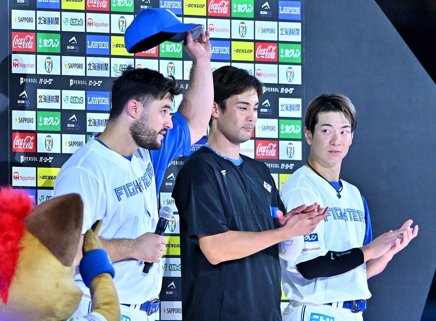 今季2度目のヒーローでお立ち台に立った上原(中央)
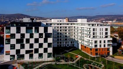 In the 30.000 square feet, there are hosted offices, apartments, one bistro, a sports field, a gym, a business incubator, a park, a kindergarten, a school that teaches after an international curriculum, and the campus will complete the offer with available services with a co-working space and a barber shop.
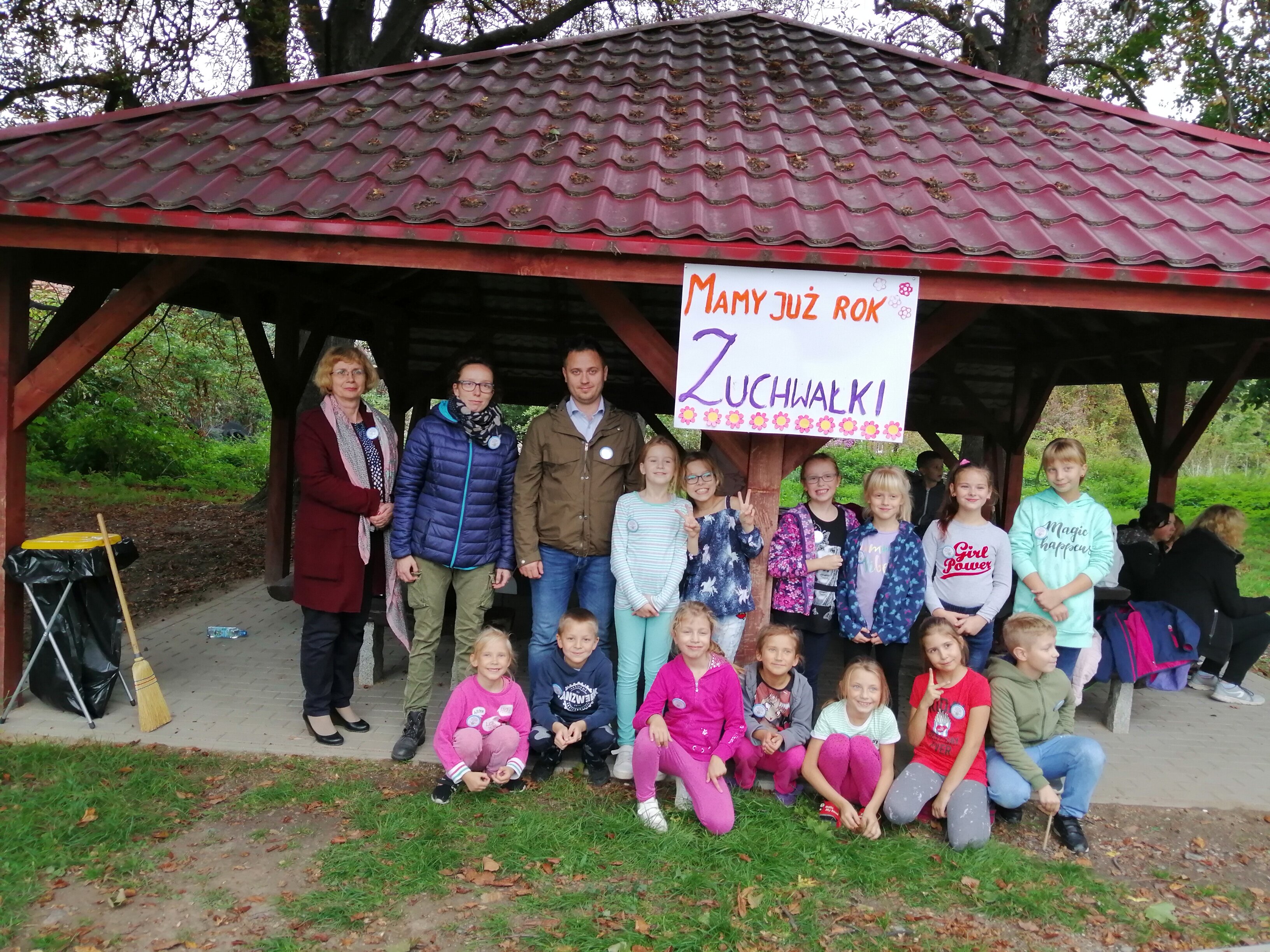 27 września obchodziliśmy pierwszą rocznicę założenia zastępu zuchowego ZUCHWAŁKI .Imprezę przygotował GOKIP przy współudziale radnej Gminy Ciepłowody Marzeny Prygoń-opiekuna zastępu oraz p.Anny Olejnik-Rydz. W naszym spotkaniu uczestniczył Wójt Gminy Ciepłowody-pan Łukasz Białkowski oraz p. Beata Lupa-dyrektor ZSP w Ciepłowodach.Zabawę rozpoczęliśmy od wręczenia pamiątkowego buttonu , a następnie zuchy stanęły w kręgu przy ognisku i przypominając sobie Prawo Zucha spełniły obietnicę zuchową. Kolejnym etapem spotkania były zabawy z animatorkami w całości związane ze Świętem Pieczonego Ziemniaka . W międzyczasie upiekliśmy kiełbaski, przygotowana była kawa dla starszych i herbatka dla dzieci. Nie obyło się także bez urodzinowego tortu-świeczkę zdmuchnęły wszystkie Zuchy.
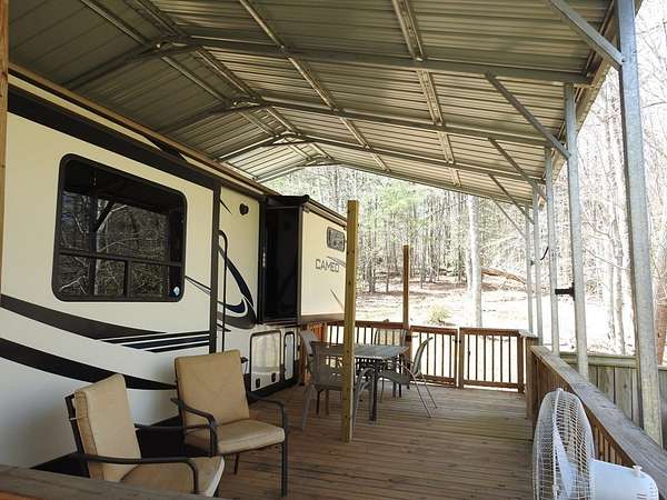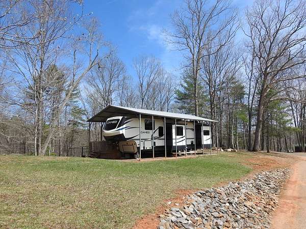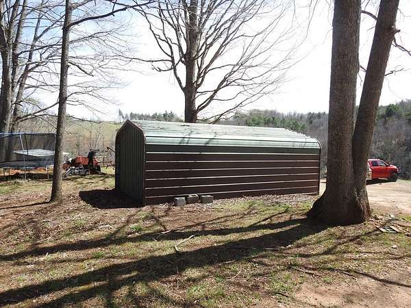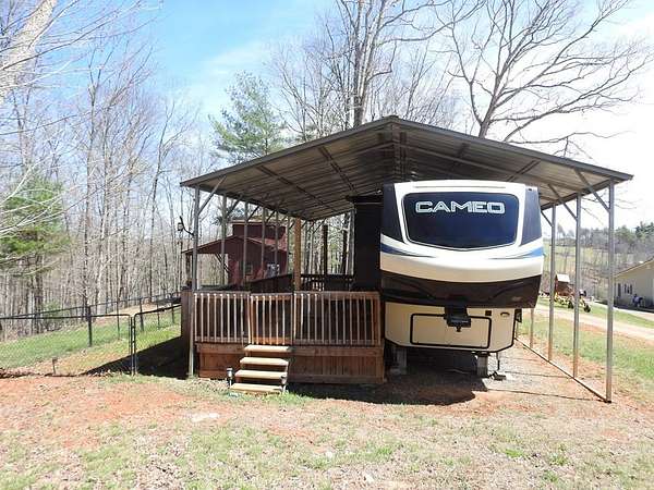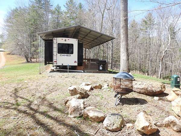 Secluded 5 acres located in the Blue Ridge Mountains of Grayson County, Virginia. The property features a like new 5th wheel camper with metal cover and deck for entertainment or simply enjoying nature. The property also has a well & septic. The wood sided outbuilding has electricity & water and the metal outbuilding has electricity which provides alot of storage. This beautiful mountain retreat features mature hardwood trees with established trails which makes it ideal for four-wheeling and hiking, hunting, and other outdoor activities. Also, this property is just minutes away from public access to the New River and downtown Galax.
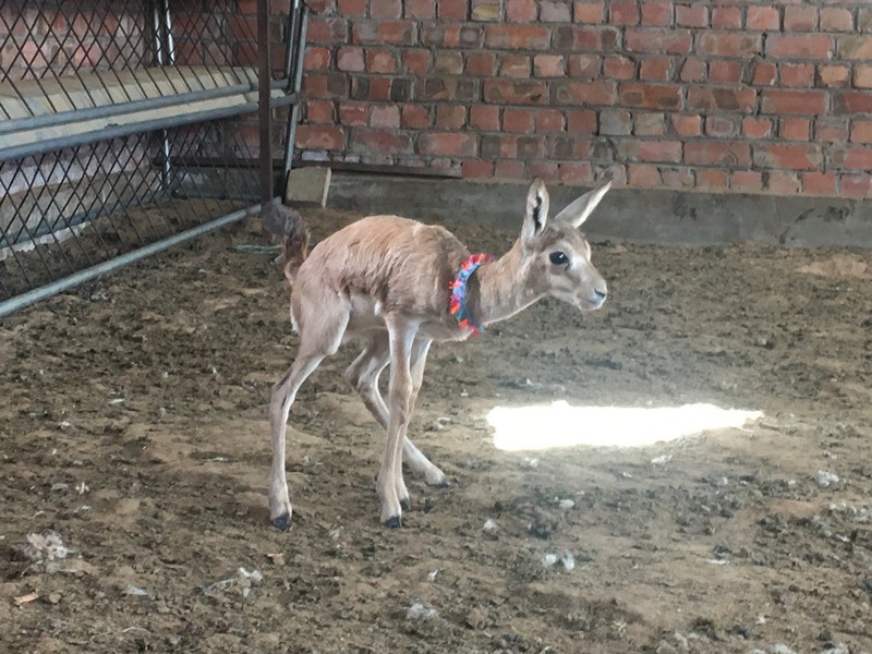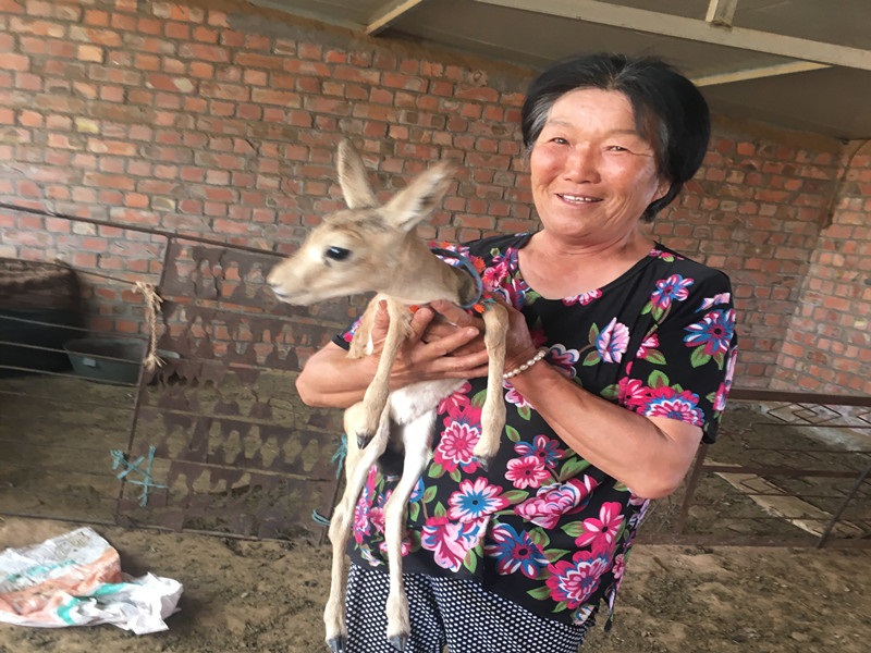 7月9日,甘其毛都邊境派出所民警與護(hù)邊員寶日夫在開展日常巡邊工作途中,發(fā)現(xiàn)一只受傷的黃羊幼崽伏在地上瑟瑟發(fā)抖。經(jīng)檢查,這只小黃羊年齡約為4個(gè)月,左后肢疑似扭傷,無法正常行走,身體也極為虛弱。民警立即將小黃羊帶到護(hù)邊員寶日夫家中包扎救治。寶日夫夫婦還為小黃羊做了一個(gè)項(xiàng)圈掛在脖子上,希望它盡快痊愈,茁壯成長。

.....

> **Required action**
Could the lines from the first entry through the line that contains "27 września obchodziliśmy" be copied exactly, with all pictures left out?

> **Response**
 今季2度目のヒーローでお立ち台に立った上原(中央)
 In the 30.000 square feet, there are hosted offices, apartments, one bistro, a sports field, a gym, a business incubator, a park, a kindergarten, a school that teaches after an international curriculum, and the campus will complete the offer with available services with a co-working space and a barber shop.
 27 września obchodziliśmy pierwszą rocznicę założenia zastępu zuchowego ZUCHWAŁKI .Imprezę przygotował GOKIP przy współudziale radnej Gminy Ciepłowody Marzeny Prygoń-opiekuna zastępu oraz p.Anny Olejnik-Rydz. W naszym spotkaniu uczestniczył Wójt Gminy Ciepłowody-pan Łukasz Białkowski oraz p. Beata Lupa-dyrektor ZSP w Ciepłowodach.Zabawę rozpoczęliśmy od wręczenia pamiątkowego buttonu , a następnie zuchy stanęły w kręgu przy ognisku i przypominając sobie Prawo Zucha spełniły obietnicę zuchową. Kolejnym etapem spotkania były zabawy z animatorkami w całości związane ze Świętem Pieczonego Ziemniaka . W międzyczasie upiekliśmy kiełbaski, przygotowana była kawa dla starszych i herbatka dla dzieci. Nie obyło się także bez urodzinowego tortu-świeczkę zdmuchnęły wszystkie Zuchy.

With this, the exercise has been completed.